The effects of 10% and 20% dietary xylitol supplementation on the biomechanical properties, trabeculation, and mineral content of long bones were studied in streptozotocin-diabetic rats. Forty 3-month-old male Wistar rats were divided randomly into four groups of 10. Rats in three groups were administered a single injection of streptozotocin (50 mg/kg body weight) to induce type I diabetes, while animals in the fourth group were given a sham injection of physiological saline. The sham-injected group and one of the streptozotocin-diabetic groups were fed the basal diet, while the two diabetic groups were fed the same diet supplemented with 10% and 20% xylitol (wt/wt). After 3 months, the rats were killed and the long bones were prepared for analysis. The 10% and 20% dietary xylitol supplementation significantly prevented the type I diabetes-induced decrease in the mechanical stress resistance of the tibia in the three-point bending test, the shear stress of the femur in the torsion test, and the stress resistance of the femoral neck in the loading test. No statistically significant differences were found between any groups in the values for strain or Young's modulus in the three-point bending test, or in the values for the shear modulus of elasticity in the torsion test. These findings indicate that dietary xylitol protects against the weakening of the bone strength properties of both cortical and trabecular bone without affecting the elastic-plastic properties. Supplementation with 10% and 20% dietary xylitol significantly prevented the type I diabetes-induced decrease of humeral ash weight and tibial density. Histomorphometric data for the secondary spongiosa of the proximal tibia showed that 10% and 20% dietary xylitol supplementation also significantly prevented the type I diabetes-induced loss of trabecular bone volume. In conclusion, dietary xylitol supplementation protects against the weakening of bone biomechanical properties in streptozotocin-diabetic rats. This is related to the preserved bone mineral content and preserved trabecular bone volume.

Dietary xylitol, sorbitol and D-mannitol but not erythritol retard bone resorption in rats.
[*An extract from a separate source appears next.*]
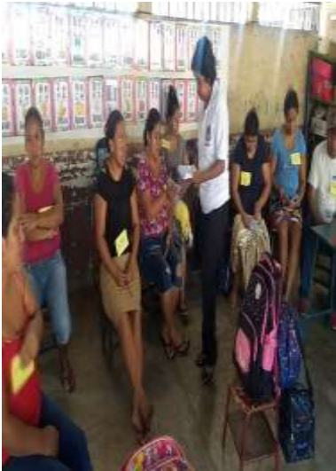
Fotografía 6, La docente entregando el trifoliar del Proyecto de Mejoramiento Educativo.

The aim of the present study was to compare the ability of four dietary polyols to reduce bone resorption. Urinary excretion of 3H radioactivity from [3H]tetracycline-prelabeled rats was used as a marker of bone resorption. After prelabeling, the rats were divided randomly into five groups of 10, and fed for 1 mo a nonpurified diet that was supplemented in four groups with either xylitol, sorbitol, D-mannitol or erythritol, respectively, to give a polyol concentration of 1 mol/kg. Xylitol (42%), sorbitol (44%) and to a lesser degree D-mannitol (23%) decreased the excretion of 3H relative to the basal diet. The erythritol group, however, did not differ from the controls. Sorbitol caused continuous diarrhea, whereas in the other groups, intestinal adaptation took place during the 1st wk of polyol feeding. In conclusion, dietary xylitol, sorbitol and to a lesser degree D-mannitol supplementations in rats retard bone resorption, whereas dietary erythritol has no effect.